• **Collected material**:
== == ==

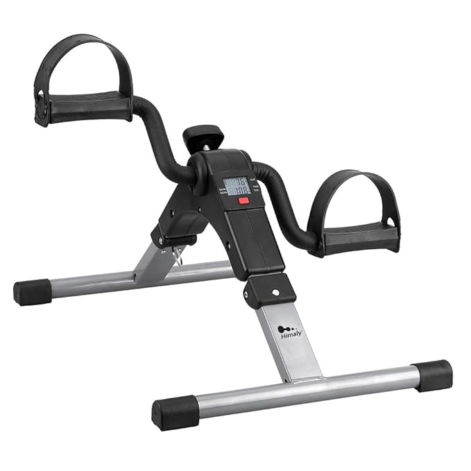 Himaly Folding Mini Pedal Exercise Bike – Portable Home Office Under Desk Stepper – Arm Leg Workout – Adjustable Resistance – LCD Display – Black
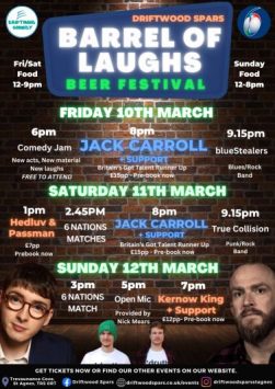 The Driftwood Spars in St Agnes will host its inaugural Barrel of Laughs Beer Festival from 10th – 12th March, with a stellar line-up of top comedians, live music and handcrafted beer from some of the UK’s best small breweries.
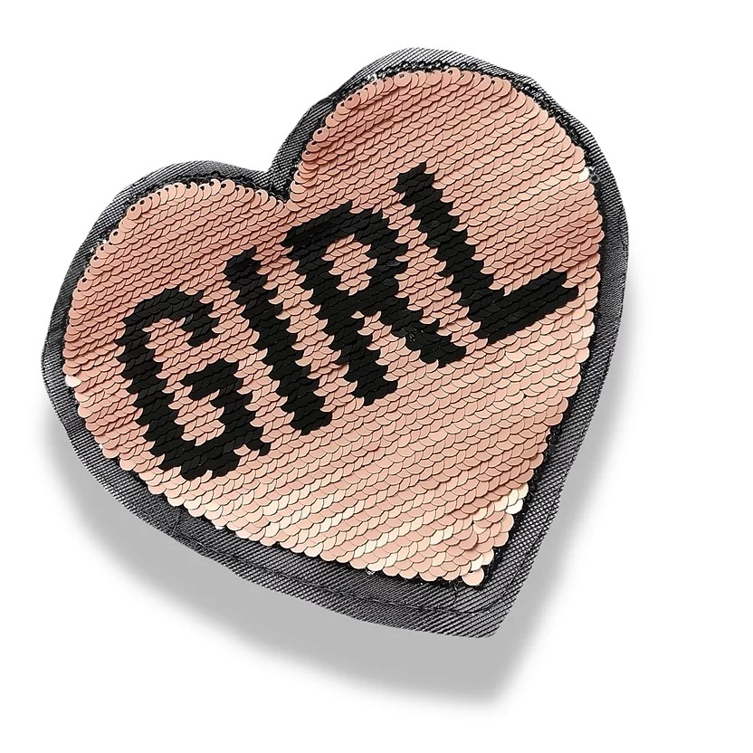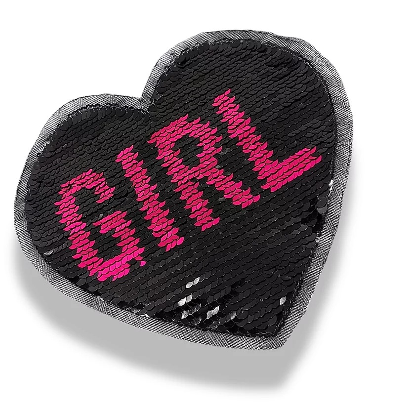 applicazione a forma di cuore, realizzata con piaillettes reversibili interamente ricamate a macchina e la scritta girl a contra

== == ==

• **Your objective**: Apart from the images, every line above needs to be printed again exactly.

• **Answer**:
 Himaly Folding Mini Pedal Exercise Bike – Portable Home Office Under Desk Stepper – Arm Leg Workout – Adjustable Resistance – LCD Display – Black
 The Driftwood Spars in St Agnes will host its inaugural Barrel of Laughs Beer Festival from 10th – 12th March, with a stellar line-up of top comedians, live music and handcrafted beer from some of the UK’s best small breweries.
 applicazione a forma di cuore, realizzata con piaillettes reversibili interamente ricamate a macchina e la scritta girl a contra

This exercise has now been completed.